ITF held its Annual Event in Sheffield on 23rd June. The location was chosen to allow ITF to show its support for community groups who have been so active in protecting their street trees in the city. The theme was ‘Justified and Ancient: the value of trees for cities’. In his opening remarks, Andy Egan, ITF Chief executive, highlighted ITF’s long history of supporting local people to protect, plant and care for trees across the world. Although much of ITF’s work is in African countries, deforestation is also a critical issue in the UK, which is one of the most treeless countries in Europe. Trees are just as important in towns and cities as they are in woods and forests and many of the reasons for this were explored during the conference.
The first speaker was Ted Green MBE, President of the Ancient Tree Forum, who joined the conference by video link. He emphasised the particular importance of preserving ancient trees because of their value for biodiversity and because they often have historical significance as markers of boundaries or as commemorative trees. He argued that, although many people see ancient trees as dangerous, in fact they do not pose any particular risk as long as they are well managed by councils and landowners.
Dr. Nicola Dempsey of the Department of Landscape at the University of Sheffield focused on the evidence for the value of trees for wellbeing. The research project Improving Wellbeing Through Urban Nature is based in Sheffield and has already shown how trees are associated with improvements in health and reductions in anti-social behavior. These effects are particularly marked in areas of social deprivation where people may not have easy access to green spaces further away. Therefore, while rural forests are important, many cannot access them easily, and therefore urban trees are so crucial. Trees are known to improve air quality, reduce temperatures and minimise the risk of flooding, but the mechanisms for the full range of benefits they bring are not easy to elucidate. Greater biodiversity and having a close connection with nature seem to be particularly valuable in promoting wellbeing.

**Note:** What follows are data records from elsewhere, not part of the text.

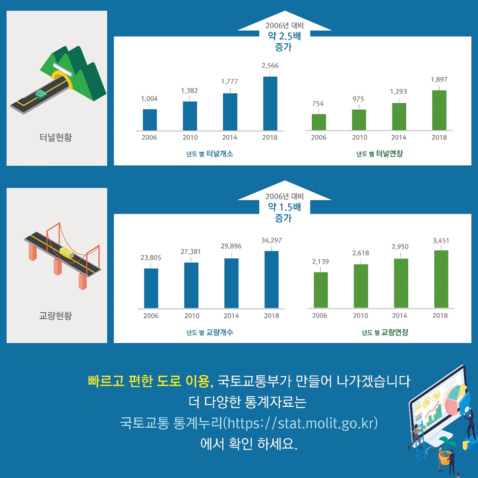 터널의 수와 연장은 2006년 대비 약 2.5배 증가했고, 교량의 수와 연장은 약 1.5배 이상 증가했다고 합니다. 도로, 터널, 교량의 수가 급증한 만큼 유지관리도 잘해야 합니다. 짓는 것만큼 잘 관리하는 것이 중요합니다.
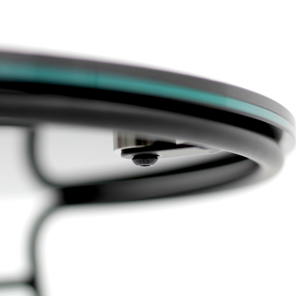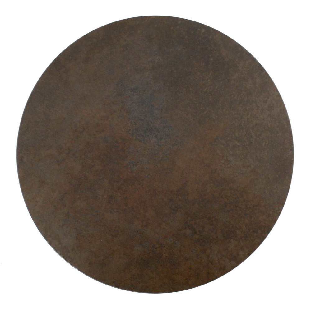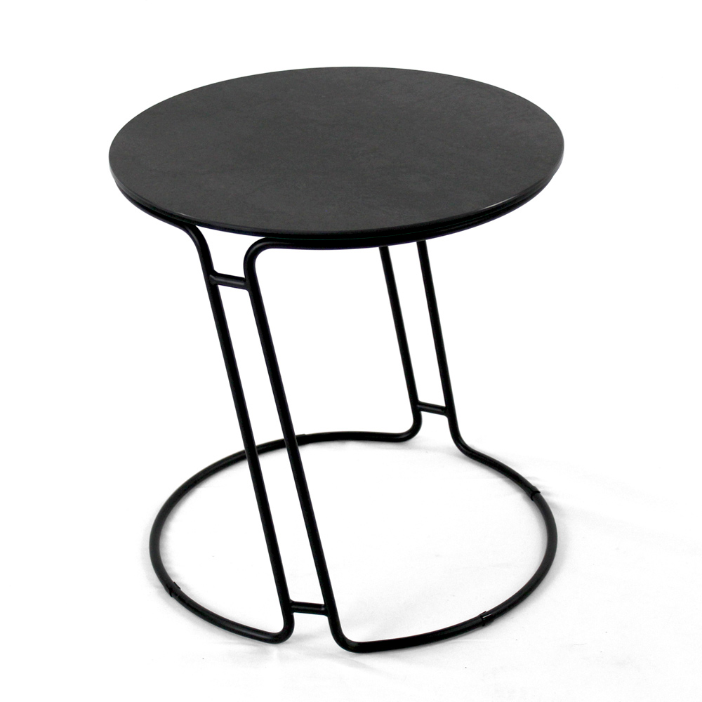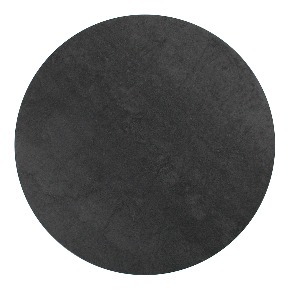 Runder Couchtisch mit lackiertem Stahlsockel und Platte aus Feinsteinzeug.
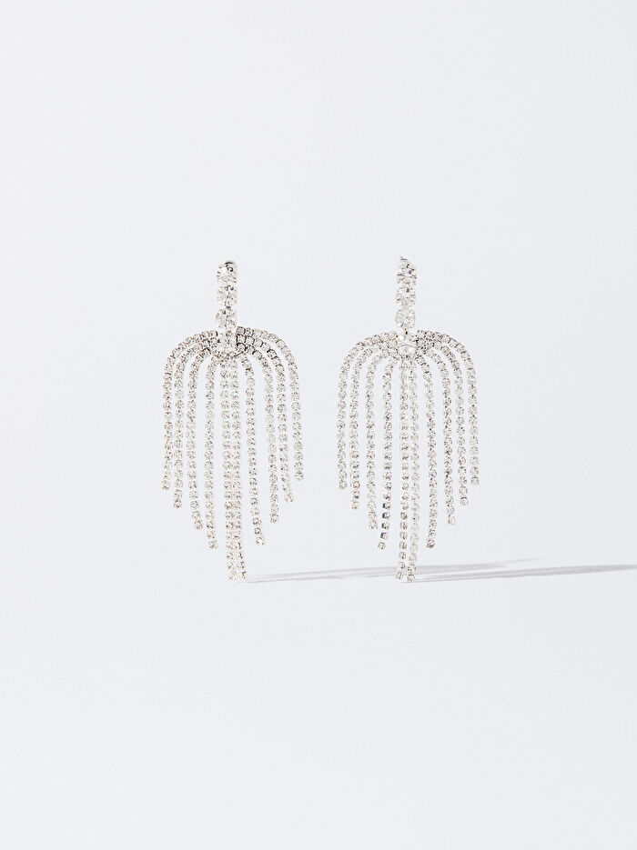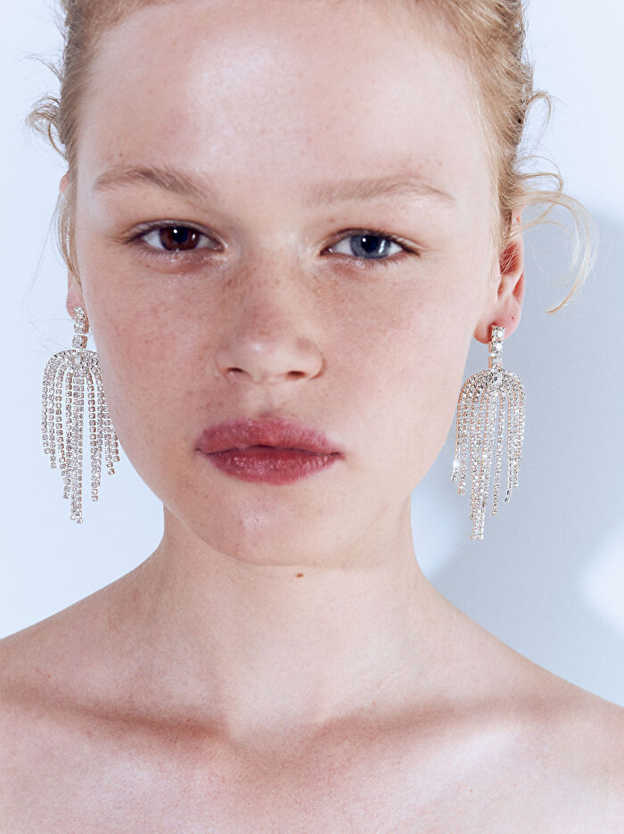 Tek renk kristalden yapılmış, kelebek tokalı uzun damla küpe.

Fran Halsall of Sheffield Tree Action Groups (STAG) and Councillor Alison Teal of the Green Party have both been actively involved in the campaign to protect Sheffield street trees in response to the council’s decision to fell thousands of healthy trees across the city. Fran has a communications role within STAG and is responsible for keeping people up to date with the campaign through their website.
Many trees have already been felled despite the protests. A further 17,500 are still at risk, although felling has currently been halted to allow time for a new strategy to be considered. As Fran pointed out, though, protesters do not feel confident that the council will consult fully on the issue and there has been a huge loss of trust.
Alison Teal was first elected to represent Nether Edge and Sharrow ward on Sheffield City Council in May 2016 and has recently been re-elected with a greatly increased vote, largely as a result of the tree campaign. Nether Edge is an area of the city with many mature trees that are under threat and local people are very passionate about protecting them. Alison has herself been arrested as a result of her peaceful protest to protect the trees. The case was dismissed. Alison feels that it would be very possible for the council to review their agreement with Amey, the contractor which is carrying out the felling, but does not feel optimistic that this will be done. This makes it all the more important that organisations such as ITF give their support to the campaign.
Ian Dalton works as a Tree Officer for Bromley Borough Council in London and has provided expert advice to the tree protesters in Sheffield. From his professional viewpoint he could see no justification for the removal of healthy trees on the scale planned in Sheffield. He said that it was understandable that councils had to cope with financial cuts, but that councils elsewhere had been able to manage this without losing their street trees. In contrast he described the situation in Bristol where plans are being made to double the tree canopy by 2050.
The last two speakers at the event highlighted some of the creative and educational work that is being done. Annette Taberner spoke of how Street Tree Art Sheffield (STARTS) was founded in response to the tree felling. They meet as a group to make drawings and paintings of trees as a form of ‘soft campaigning’ and to allow people to express their feelings about the loss of their trees.
Sue Pitt spoke about ITFs contribution to the Fruit-full Communities Project and commented on the benefits to the young people involved in planting orchard trees at 26 sites across the country. She introduced Melanie Sheldon who had been active in the project at YMCA North Staffordshire and who now works for the YMCA encouraging others to get involved in similar projects.
The event wound up with Oliver Mantell reading some tree-related poems. It was a wonderful way to end the event as poetry really helps us to make that deep connection with trees that will help to ensure their survival.